Fresh Laravel 5 shows 500 Internal Server Error no matter what (OS X, Apache)

Stefan Bogdanescu

Founder & Senior Architect · 2026-06-29

Laravel Company

Deciphering the Laravel 5 Ghost: Troubleshooting Persistent 500 Errors on Legacy Server Setups

As a senior developer, I’ve seen countless deployment nightmares, especially when dealing with legacy stack combinations like OS X Yosemite, Apache, and PHP 5.6 running a framework like Laravel. The scenario you are describing—a persistent 500 Internal Server Error regardless of the route attempted, even after correctly setting up the Virtual Host and attempting to use .htaccess rules—points away from simple routing errors and directly toward fundamental server configuration or permission issues.

This guide will walk you through the deep dive necessary to diagnose why your Laravel application is failing, focusing on the common pitfalls that derail these older setups. We will move beyond the surface-level fixes and address the true source of the 500 error.

The Anatomy of the Problem: Why .htaccess Fails

Your attempts to use the standard Laravel index.php routing via .htaccess are fundamentally correct for a modern setup. However, when you get a generic 500 error, it means the request is failing before the Laravel application's routing logic ever executes. This strongly suggests an issue in how Apache processes the files or PHP itself cannot execute the required modules.

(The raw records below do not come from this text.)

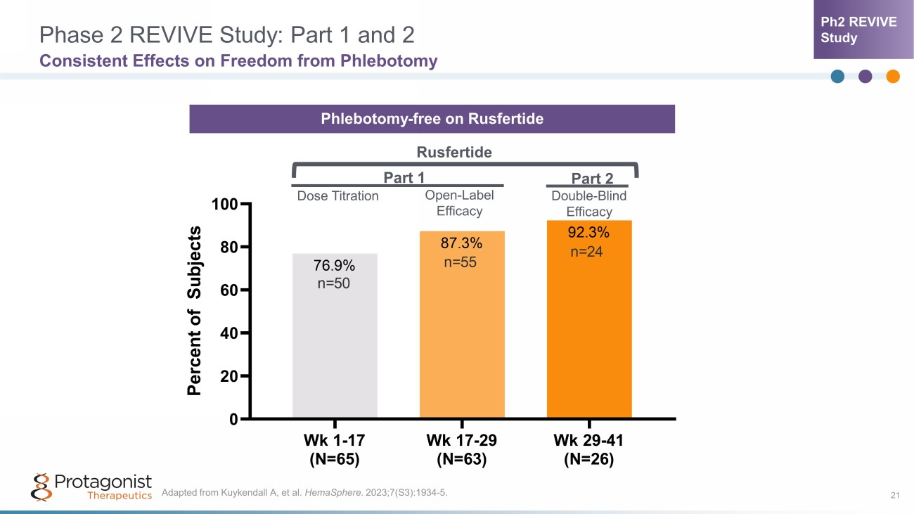Part 2: Blinded Randomized Withdrawal, Weeks 29 - 41 20 Rusfertide Met the Primary Endpoint of Efficacy (p=0.0003) • 69.2% subjects (18 out of 26) are responders. 8 non - responders as per protocol definition - 3 fulfilled the phlebotomy eligibility criteria - 5 discontinued treatment per patient/investigator discretion • All 8 non - responders continued in the Part 3 open label extension part of the study - 7 out of 8 are currently continuing treatment • 92.3% subjects (24 out of 26) in rusfertide arm did not receive phlebotomy in Part 2, the 12 - week randomization part of the study Placebo (N=27) Rusfertide (N=26) 0 10 20 30 40 50 60 70 80 69.2% 18.5% P e r c e n t o f R e s p o n d e r s p=0.0003 n=5 n=18 *Responder definition as per protocol • Did not receive a phlebotomy • Completed 12 weeks of treatment • Hematocrit control maintained without phlebotomy eligibility, which is defined as - Hematocrit ≥45% that was ≥3% higher than Week 29 pre - randomization hematocrit value or - Hematocrit >48% or - An increase of ≥5% in hematocrit compared to Week 29 pre - randomization hematocrit value Highly Significant Efficacy* in Rusfertide Arm vs. Placebo Adapted from Kremyanskaya et al. EHA2023; Abstract LB2710. Ph2 REVIVE Study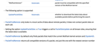 UpdatePacletSites Automatic whether to download the latest data about available paclets before performing the search - PacletFindRemote only looks in a local cache of data about remote paclets; it does not contact paclet sites on each call.
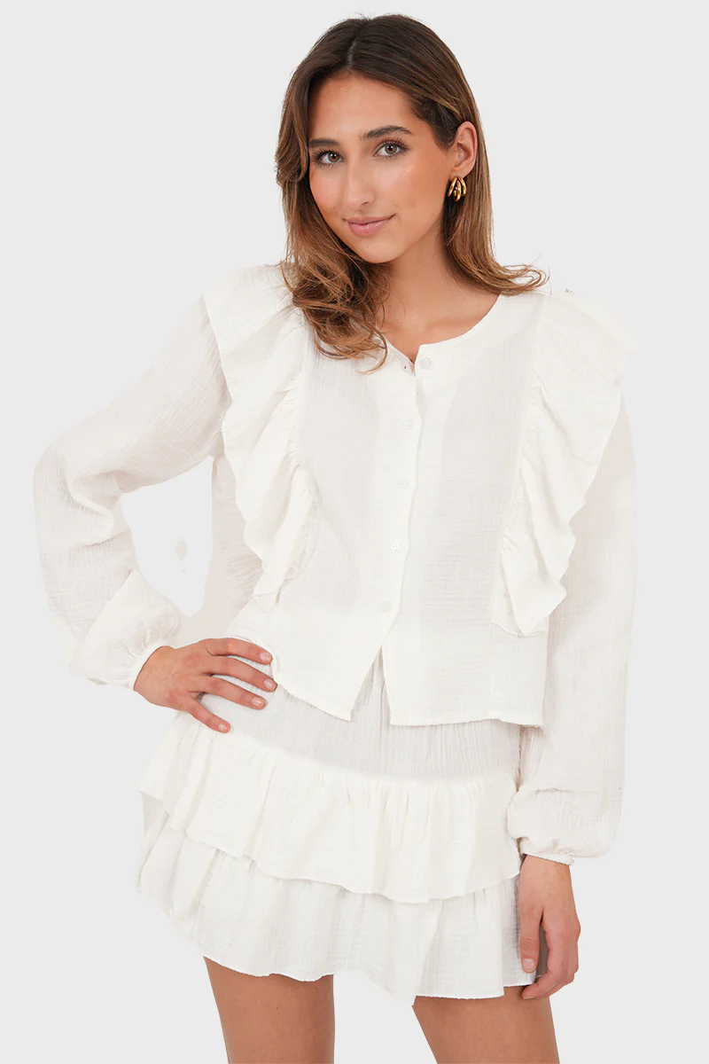 Deze witte blouse is gemaakt van heerlijk zacht materiaal en voelt super luchtig aan, perfect voor warme dagen. Maak je look compleet met het bijpassende rokje voor een set die eindeloos te combineren is. Verkrijgbaar in verschillende zomerse kleuren. Style met laarsjes, je favoriete tas en je bent helemaal ready to shine.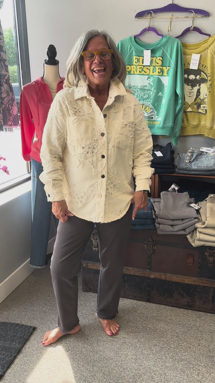 Elevate your off-duty wardrobe with a fashion-forward shacket, featuring intricate appliqué and subtle stone embellishments that add a touch of refined glamour. Tailored from textured twill for a structured silhouette, it's finished with a sharp collar that lends a polished, timeless edge to the look. Buttoned front with collared neckline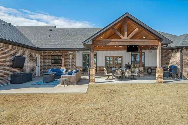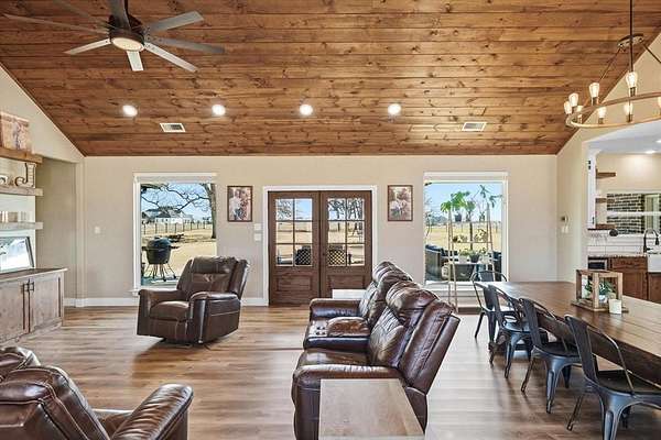 This STUNNING CUSTOM BUILT HOME truly checks every box--space, style, and an ideal layout for entertaining! Thoughtfully positioned on a 2.3 acre OVERSIZED LOT, one of the largest in this section of the neighborhood, this 3 bedroom, 3.5 bathroom property offers privacy, flexibility, and room to grow, both inside and out! The OPEN FLOOR PLAN is designed for connection and comfort, anchored by a show-stopping custom wood ceiling in the main living area that adds warmth and architectural character you've been dreaming of! The spacious kitchen features a large center island ideal for gatherings, meal prep, or casual dining, and flows seamlessly into the living and dining spaces making it perfect for hosting everything from holidays to everyday get-togethers! The primary suite offers a peaceful retreat with a well-appointed bathroom featuring a DOUBLE VANITY, ample storage, and a functional layout designed for ease and relaxation. Guest bedrooms are thoughtfully arranged while a separate half bath provides convenience for visitors without disrupting bedrooms! A versatile bonus room provides endless options and can easily serve as a MOTHER IN LAW SUITE, MEDIA ROOM, OR PRIVATE OFFICE offering flexibility to meet changing needs and lifestyles. Step outside to the HUGE COVERED BACK PORCH, an entertainer's dream and the perfect extension of the living space! Whether hosting large gatherings, enjoying quiet mornings, or taking in evening sunsets, the expansive backyard and acreage provide a rare sense of space and tranquility. The oversized lot offers endless possibilities--room for a pool, shop, garden, or simply open space to enjoy. Schedule your private tour TODAY!

The fact that removing .htaccess yields a 404 for specific paths (like /home) but still shows the splash screen indicates that Apache is successfully serving the static files, but the rewrite engine (mod_rewrite) is either failing silently or being overridden by a stricter server directive.

Deep Dive Debugging Steps

When dealing with these older environments, we must scrutinize three core areas: Server Configuration, File Permissions, and PHP Module Availability.

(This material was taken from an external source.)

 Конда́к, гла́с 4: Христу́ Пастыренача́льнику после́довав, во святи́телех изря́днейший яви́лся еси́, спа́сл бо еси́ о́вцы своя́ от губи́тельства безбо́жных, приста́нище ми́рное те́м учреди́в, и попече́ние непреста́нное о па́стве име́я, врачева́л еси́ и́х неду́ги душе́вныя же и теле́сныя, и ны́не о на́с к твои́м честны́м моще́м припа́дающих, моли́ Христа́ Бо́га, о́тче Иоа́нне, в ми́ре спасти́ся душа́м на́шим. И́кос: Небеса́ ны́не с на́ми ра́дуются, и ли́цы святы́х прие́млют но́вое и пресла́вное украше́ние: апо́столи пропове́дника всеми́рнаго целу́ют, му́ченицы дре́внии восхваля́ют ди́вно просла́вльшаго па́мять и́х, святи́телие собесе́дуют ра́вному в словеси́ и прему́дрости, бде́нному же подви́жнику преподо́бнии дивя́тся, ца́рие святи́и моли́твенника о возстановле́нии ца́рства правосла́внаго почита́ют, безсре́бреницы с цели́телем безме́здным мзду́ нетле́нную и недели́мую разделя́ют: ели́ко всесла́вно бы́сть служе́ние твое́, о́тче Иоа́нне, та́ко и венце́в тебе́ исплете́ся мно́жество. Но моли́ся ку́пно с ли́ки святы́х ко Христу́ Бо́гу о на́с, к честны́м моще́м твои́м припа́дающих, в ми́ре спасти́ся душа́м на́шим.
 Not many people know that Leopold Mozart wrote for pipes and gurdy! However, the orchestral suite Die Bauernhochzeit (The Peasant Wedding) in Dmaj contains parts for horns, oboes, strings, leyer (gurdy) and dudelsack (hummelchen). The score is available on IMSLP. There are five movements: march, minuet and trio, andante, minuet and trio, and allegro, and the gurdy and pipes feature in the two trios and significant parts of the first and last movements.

1. Scrutinizing Apache Directives

The most common reason .htaccess files are ignored is due to the Apache configuration controlling file overrides. You need to ensure that AllowOverride is set correctly for your document root.

Check your main Apache configuration file (often httpd.conf or the Virtual Host configuration). Ensure that the relevant directory allows overriding rules:

<Directory "/Users/polar/Sites/lara5/public">
    Options +FollowSymLinks
    AllowOverride All  # Crucial setting for .htaccess to work
</Directory>

If AllowOverride is set to None, Apache will completely ignore any .htaccess file, leading to the 500 error when Laravel expects those rules to handle the routing. Remember that proper server setup is the foundation of a successful deployment, much like adhering to best practices for framework deployment, which we often see discussed regarding robust setup on platforms like https://laravelcompany.com.

2. File Permissions and Ownership

While setting permissions to 777 might seem like a fix, it’s overly permissive and can introduce security risks. The correct approach is to ensure the user running the web server (e.g., www-data or the user running Apache) has read access, and that file ownership is consistent.

Instead of broad permissions, focus on specific ownership:

# Ensure the owner is the user running the web server process
sudo chown -R polar:staff /Users/polar/Sites/lara5/
# Set appropriate permissions (often 755 for directories and 644 for files)
sudo find /Users/polar/Sites/lara5/ -type d -exec chmod 755 {} \;
sudo find /Users/polar/Sites/lara5/ -type f -exec chmod 644 {} \;

3. PHP Module Verification (The Legacy Hurdle)

Since you are running PHP 5.6, ensure that the necessary Apache modules for rewriting and handling dynamic requests are actually compiled and loaded. Missing modules like mod_rewrite or configuration issues with how PHP interacts with Apache can lead to a fatal error (the 500). Check your Apache error logs (/private/var/log/apache2/error.log) immediately after attempting to load the site; they will usually reveal exactly which module failed to initialize the request.

Conclusion: Building Robust Environments

Troubleshooting these legacy setups requires shifting focus from application code (Laravel) to the infrastructure that hosts it (Apache and PHP). The persistent 500 error is almost always an environmental configuration mismatch. By meticulously checking AllowOverride settings in Apache, ensuring correct file ownership, and verifying PHP module loading, you isolate the problem away from the framework itself.

For future development, while these legacy environments are solvable, it is highly recommended to upgrade to a supported environment. Modern Laravel features rely on contemporary PHP versions and server configurations. Adopting current standards will prevent these frustrating configuration battles entirely.